Last Update 3 hours ago Total Questions : 96
The CCA Spark and Hadoop Developer Exam content is now fully updated, with all current exam questions added 3 hours ago. Deciding to include CCA175 practice exam questions in your study plan goes far beyond basic test preparation.
You'll find that our CCA175 exam questions frequently feature detailed scenarios and practical problem-solving exercises that directly mirror industry challenges.
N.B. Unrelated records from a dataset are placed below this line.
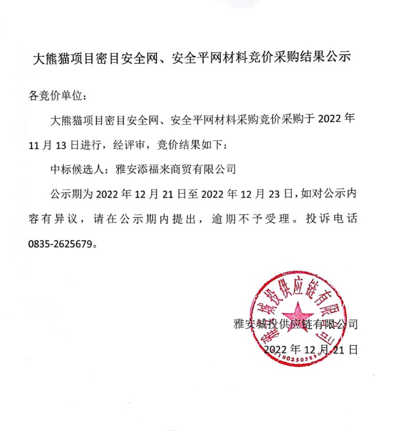 大熊貓項(xiàng)目密目安全網(wǎng)、安全平網(wǎng)材料競(jìng)價(jià)采購結(jié)果公示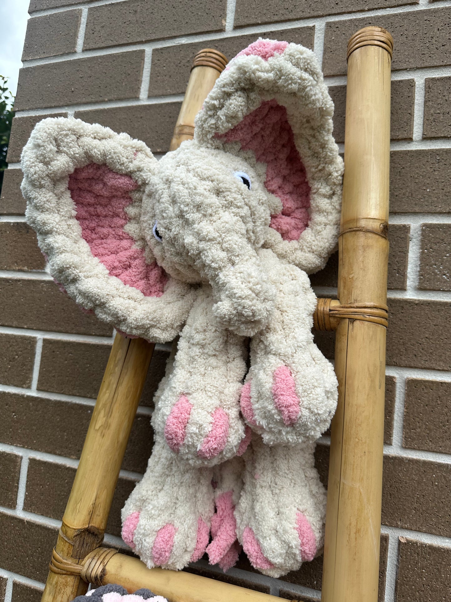 Introduce a touch of handmade charm with Emmy the Elephant, a beautifully crafted hand-knit elephant plushie made from soft, chunky knit yarn. Standing approximately 16 inches tall, Emmy is filled with plush stuffing in both the head and body, making her irresistibly soft and huggable.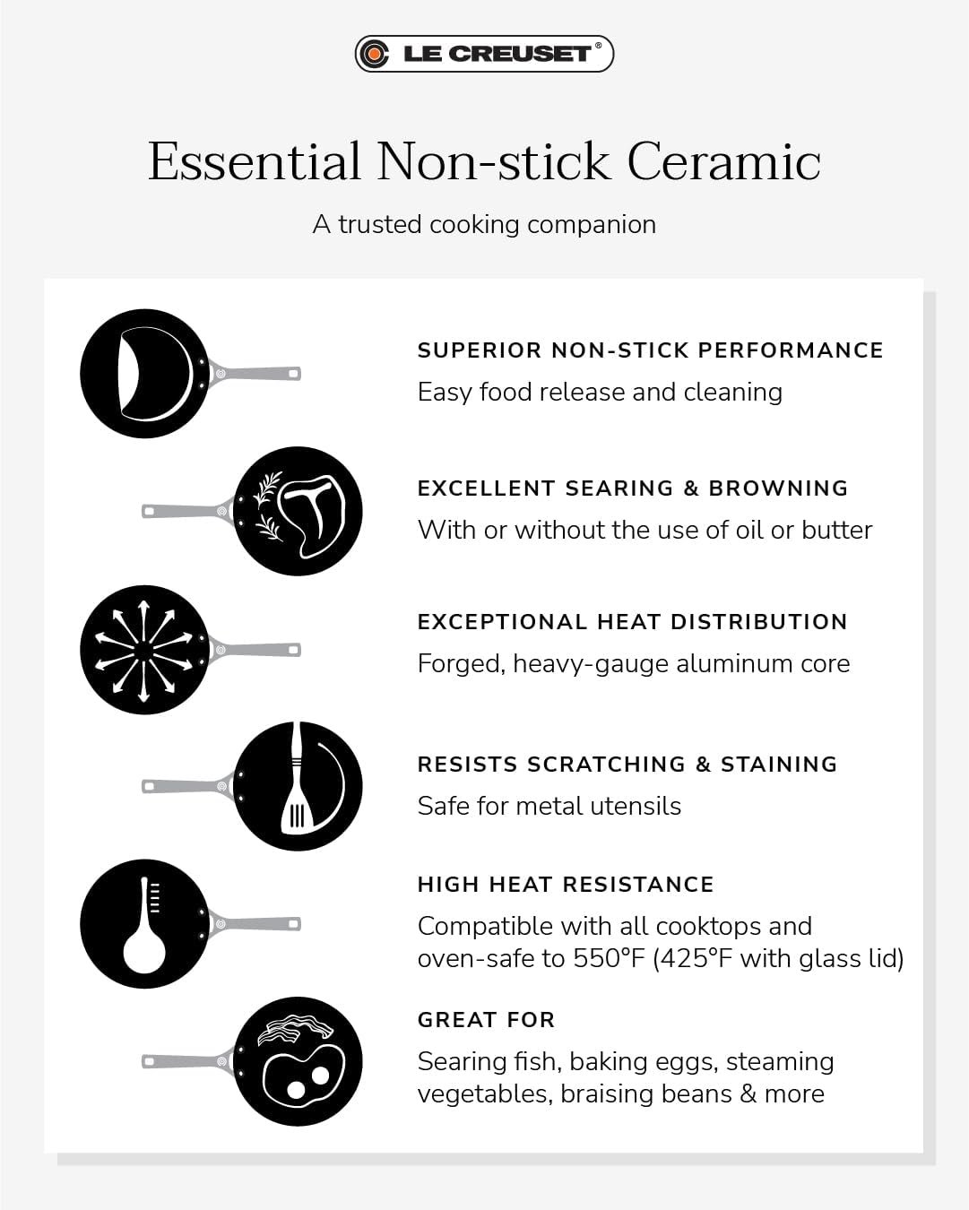 - Nota: Aunque estos utensilios Le Creuset garantizan un rendimiento antiadherente superior, el recubrimiento puede deteriorarse con el uso normal a lo largo de los años. Si buscas una opción que conserve sus propiedades de por vida, te recomendamos explorar sus líneas de hierro fundido esmaltado o acero inoxidable multicapa.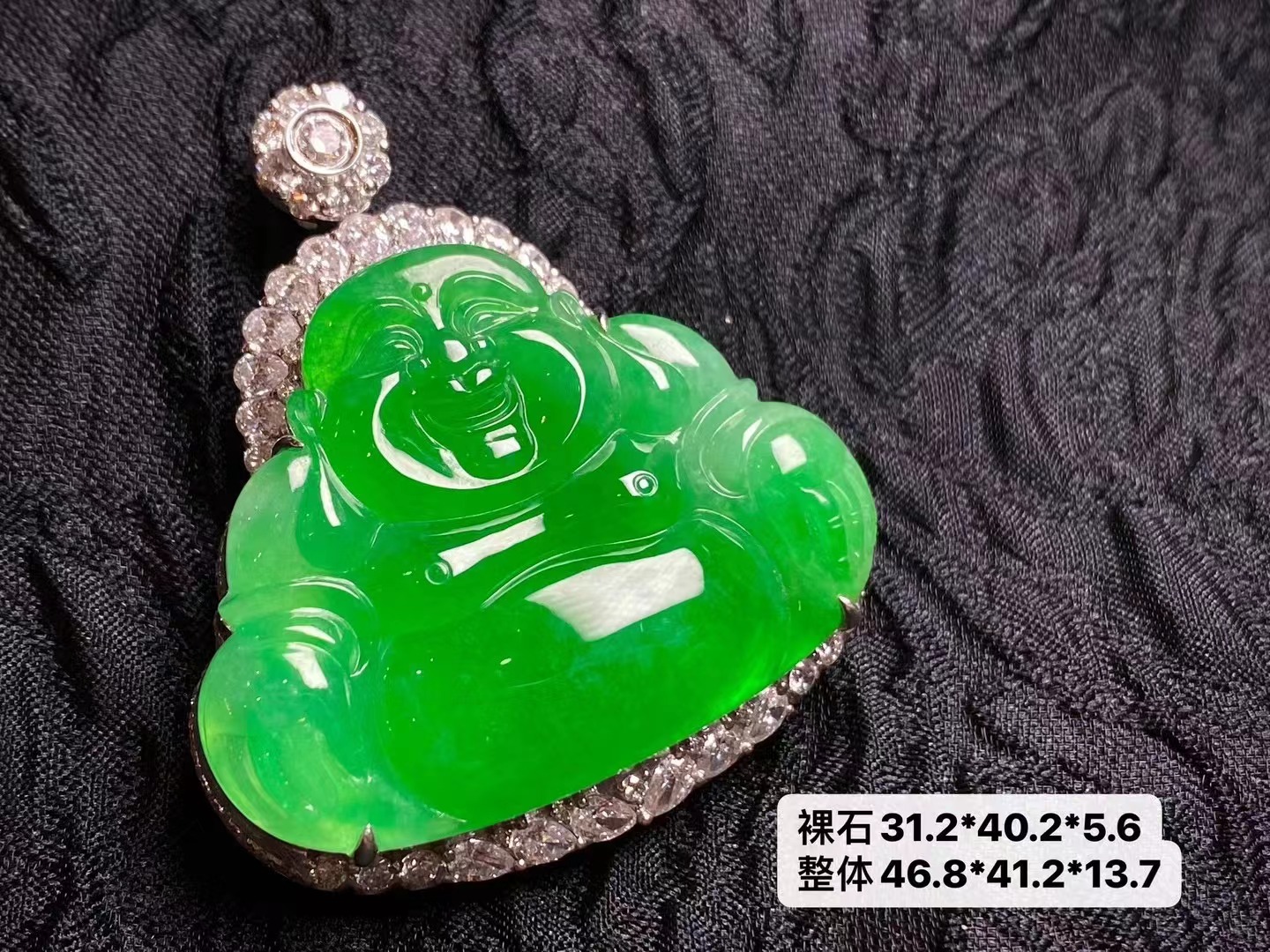 【描述】冰種滿綠翡翠佛公,色澤鮮艷,圓潤(rùn)飽滿

Engaging with these CCA175 sample sets allows you to effectively manage your time and pace yourself, giving you the ability to finish any CCA Spark and Hadoop Developer Exam practice test comfortably within the allotted time.
Problem Scenario 5 : You have been given following mysql database details.
user=retail_dba
password=cloudera
database=retail_db
jdbc URL = jdbc:mysql://quickstart:3306/retail_db
Please accomplish following activities.
1. List all the tables using sqoop command from retail_db
2. Write simple sqoop eval command to check whether you have permission to read database tables or not.
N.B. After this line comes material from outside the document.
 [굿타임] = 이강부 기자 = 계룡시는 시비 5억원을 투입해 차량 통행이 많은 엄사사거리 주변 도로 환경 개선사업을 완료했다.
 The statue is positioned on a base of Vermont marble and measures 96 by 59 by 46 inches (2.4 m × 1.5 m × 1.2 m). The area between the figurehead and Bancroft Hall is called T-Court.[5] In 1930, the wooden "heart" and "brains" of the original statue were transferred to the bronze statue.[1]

3. Import all the tables as avro files in /user/hive/warehouse/retail cca174.db
4. Import departments table as a text file in /user/cloudera/departments.
Problem Scenario 94 : You have to run your Spark application on yarn with each executor 20GB and number of executors should be 50. Please replace XXX, YYY, ZZZ
export HADOOP_CONF_DIR=XXX
./bin/spark-submit \
-class com.hadoopexam.MyTask \
xxx\
-deploy-mode cluster \ # can be client for client mode
YYY\
222 \
/path/to/hadoopexam.jar \
1000
Problem Scenario 1:
You have been given MySQL DB with following details.
user=retail_dba
password=cloudera
database=retail_db
table=retail_db.categories
jdbc URL = jdbc:mysql://quickstart:3306/retail_db
Please accomplish following activities.
1. Connect MySQL DB and check the content of the tables.
2. Copy " retaildb.categories " table to hdfs, without specifying directory name.
3. Copy " retaildb.categories " table to hdfs, in a directory name " categories_target " .
4. Copy " retaildb.categories " table to hdfs, in a warehouse directory name " categories_warehouse " .
Problem Scenario 93 : You have to run your Spark application with locally 8 thread or locally on 8 cores. Replace XXX with correct values.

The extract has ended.